** EXTRACTED ENTRIES follows **

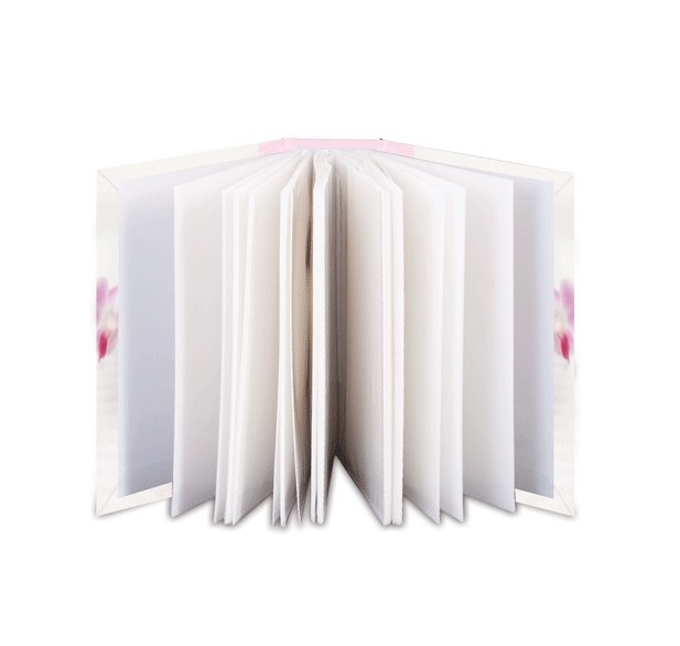 Фотоальбом с нежным дизайном обложки вмещает в себя 100 фотографий размером 10*15 см, каждая из которых помещается в отдельном прозрачном кармане. Страницы изготовлены из полипропилена и прочно прикреплены к корешку.
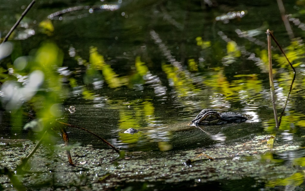 You’re just walking along, enjoying the outdoors and you have that “feeling” someone is watching you. Amazing how these large swamp lizards can blend in as they lay mostly submerged in a small pool. American Alligator.
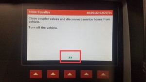 NoteRemove low side coupler from vehicle, Turn vehicle off, Verify Hose Equalize settings, Machine will chime once process is complete
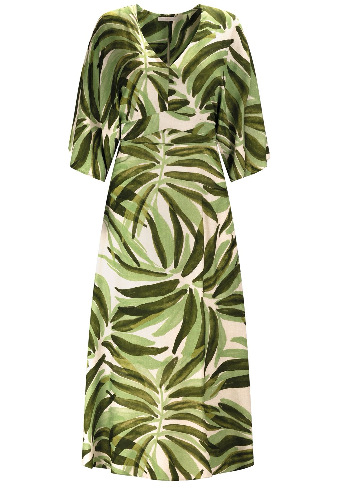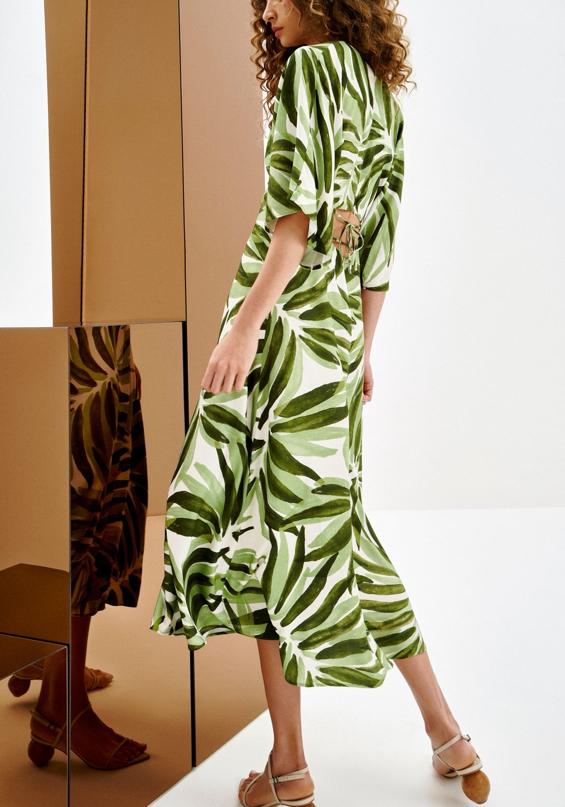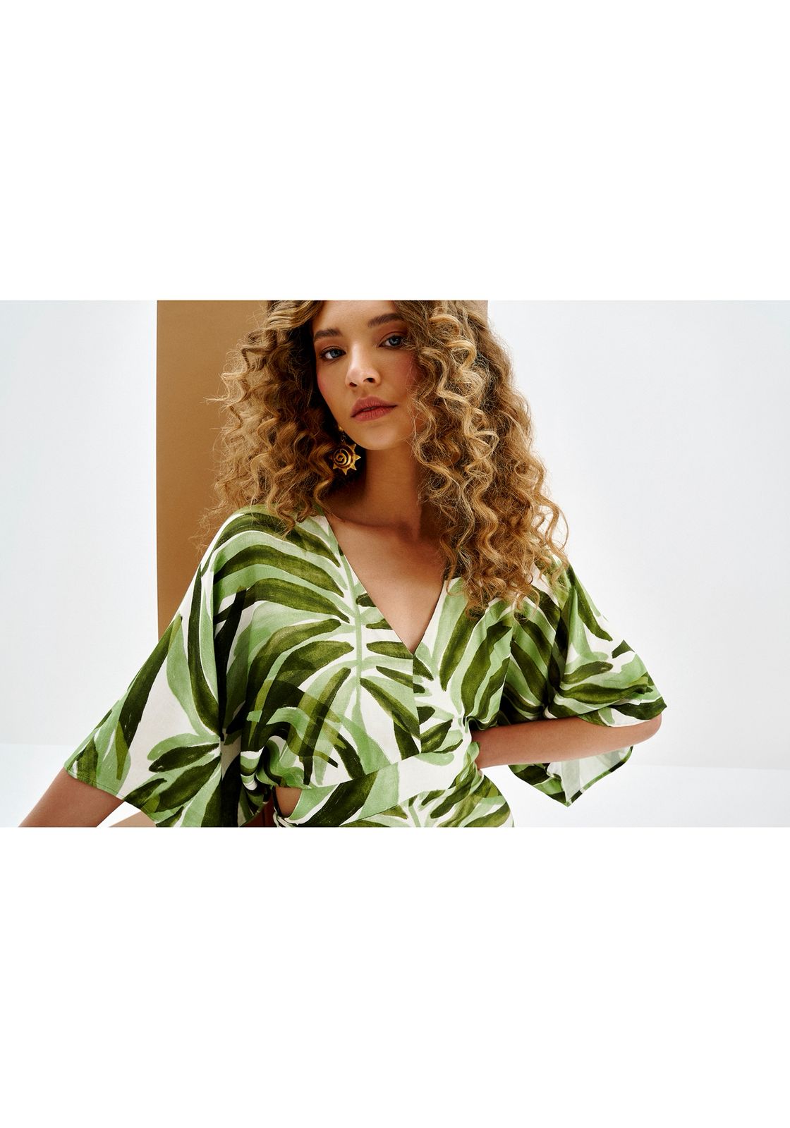 Confeccionado em Tecido Rayon Twill, viscose mais encorpada com leve textura. Peça da Coleção Íris com modelagem reta, cintura marcada com cut e amarração transpassada nas costas, mangas 3/4 flare, fechamento por zíper nas costas e estampa rotativa
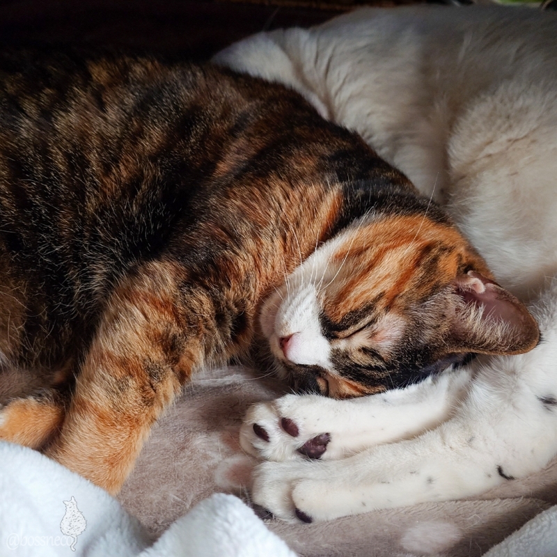 週明けで忙しい私の足元と横で ぐっすりお昼寝中の子たち 私も眠たくなってきました #Blueskyねこ部 #CatsofBlueSky #CatsofBSky #catsky #catlovers — from Bluesky 2026-02-24

** End of EXTRACTED ENTRIES **

TASK BRIEF:
Apart from the pictures, the whole listing should be reproduced exactly.

EXERCISE OUTPUT:
 Фотоальбом с нежным дизайном обложки вмещает в себя 100 фотографий размером 10*15 см, каждая из которых помещается в отдельном прозрачном кармане. Страницы изготовлены из полипропилена и прочно прикреплены к корешку.
 You’re just walking along, enjoying the outdoors and you have that “feeling” someone is watching you. Amazing how these large swamp lizards can blend in as they lay mostly submerged in a small pool. American Alligator.
 NoteRemove low side coupler from vehicle, Turn vehicle off, Verify Hose Equalize settings, Machine will chime once process is complete
 Confeccionado em Tecido Rayon Twill, viscose mais encorpada com leve textura. Peça da Coleção Íris com modelagem reta, cintura marcada com cut e amarração transpassada nas costas, mangas 3/4 flare, fechamento por zíper nas costas e estampa rotativa
 週明けで忙しい私の足元と横で ぐっすりお昼寝中の子たち 私も眠たくなってきました #Blueskyねこ部 #CatsofBlueSky #CatsofBSky #catsky #catlovers — from Bluesky 2026-02-24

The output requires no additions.